When comparing options that you haven't done the math on, it's pretty easy to justify ignoring non-health Resolve abilities when you know for sure that using them directly correlates with your likelihood of death, and at some point you're going to be locked out of using the Resolve ability based on whatever dire straits your resolve pool is in.
Maybe it's illogical, or mathematically inferior, to ignore lots of resolve abilities, but having a nice big resolve buffer is a nice psychological boon.
For what it's worth, there are quite a few Resolve abilities that are good and useful to me, they just are primarily about not dying. If there was a big push to make more non-health related Resolve abilities, it would largely be irrelevant to me and my group. I just think Resolve is best suited for health management, and things like Focus are better utility pools.

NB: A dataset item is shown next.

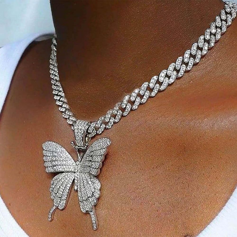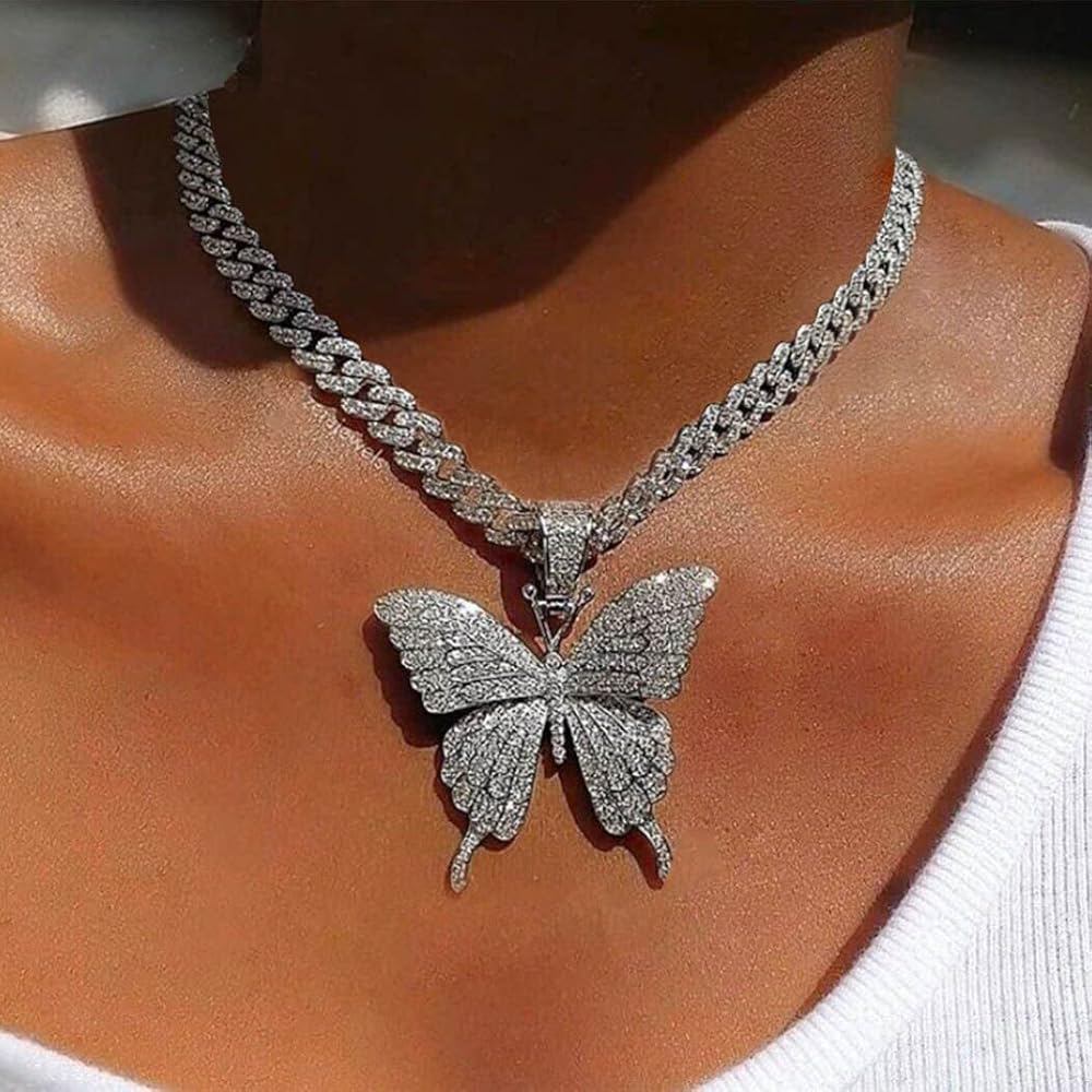 قلادة على شكل فراشة من حجر الراين اللامع للعائلة

Yeah, but try seeing it from the other side. My Soldier 1/Solarian 10 has a strength of 22 so he has 11 resolve. He also has a ton of stamina, good armor, deals fire and electricity damage to any enemies that hit him and has DR 11/- as well as resistance 5 or 10 against most elements. I generally go 2 fights before I'm halfway through my stamina and decide to play safe and spend a point of resolve to fill it up again. So to really make me nervous about resolve it would have to have about 16 encounters. That's more than a full level worth of encounters.
So I'd be pretty comfortable spending some resolve on this and that.